Архипелаг ГУЛаг(в одном томе)
Шрифт:
А зэк оглянулся на ребят и сказал:
– Не пойду.
И в самом деле! – в этом обычном простом взятии, или аресте, которому мы никогда не сопротивляемся, который мы привыкли принимать как ход судьбы, в нём ведь и такая есть возможность: не пойду! Освобождённые головы наши теперь это понимали!
– Как не пойдёшь? – приступили надзиратели.
– Так и не пойду! – твёрдо отвечал зэк. – Мне и здесь неплохо.
– А куда он должен идти?.. А почему он должен идти? Мы его не отдадим!. Не отдадим!.. Уходите! – закричали со всех сторон.
Надзиратели повертелись-повертелись и ушли.
В другом бараке попробовали – то же.
И поняли волки, что мы уже не прежние овцы. Что хватать им
И мы, освобождённые от скверны, избавленные от присмотра и подслушивания, обернулись и увидели во все глаза, что: тысячи нас! что мы – политические! что мы уже можем сопротивляться!

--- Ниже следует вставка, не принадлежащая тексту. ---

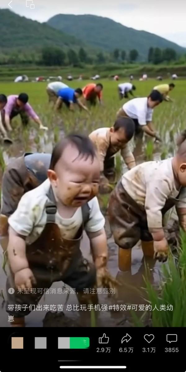 以情动之。两岁左右的“懂事小孩”跟着大人们下田插秧,“赛博乖孙”奶声奶气叫“奶奶”……这类视频抓住了老年人的情感需求,成为一种专供老年人的新型文娱产品,真假不重要,重要的是“萌”“温情”。2025年《国民视觉健康报告》显示,60岁以上老年人日均手机使用时长达4.2小时,较五年前增长300%。AI视频产品满足了他们对可爱小孩、实用宠物、温情故事的需求,在子女陪伴较少的时候,成为一种情感寄托。
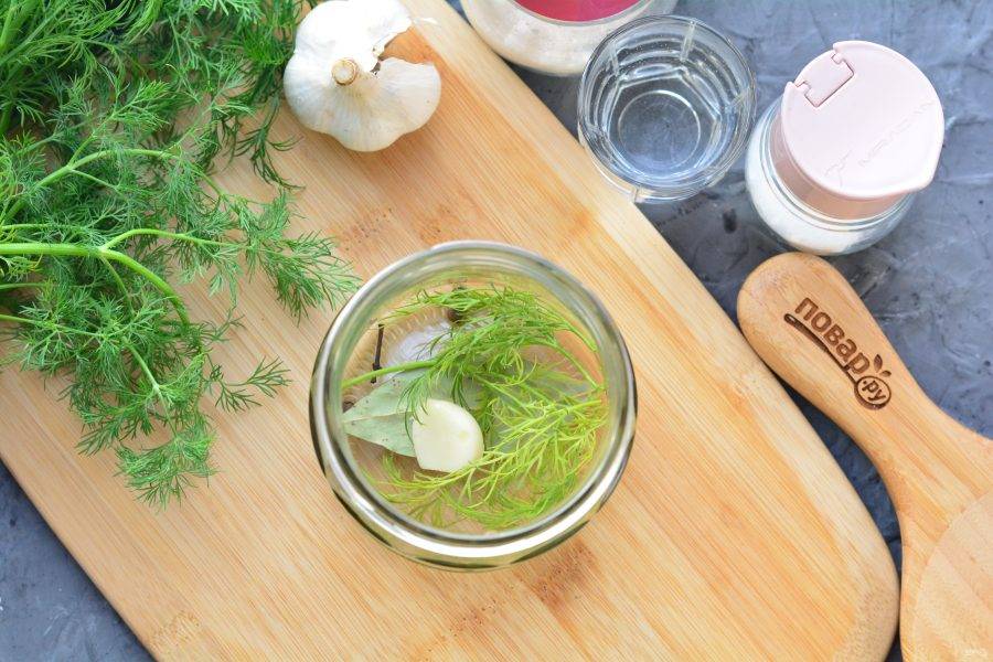 Банки простерилизуйте удобным способом, на дно сложите почищенные зубчики чеснока, лавровый лист, душистый перец и веточки укропа.

Как верно же было избрано то звено, за которое надо тянуть цепь, чтоб её развалить, – стукачи! наушники и предатели! Наш же брат и мешал нам жить. Как на древних жертвенниках, их кровь пролилась, чтоб освободить нас от тяготеющего проклятия.
Революция нарастала. Её ветерок, как будто упавший, теперь рванул нам ураганом в лёгкие!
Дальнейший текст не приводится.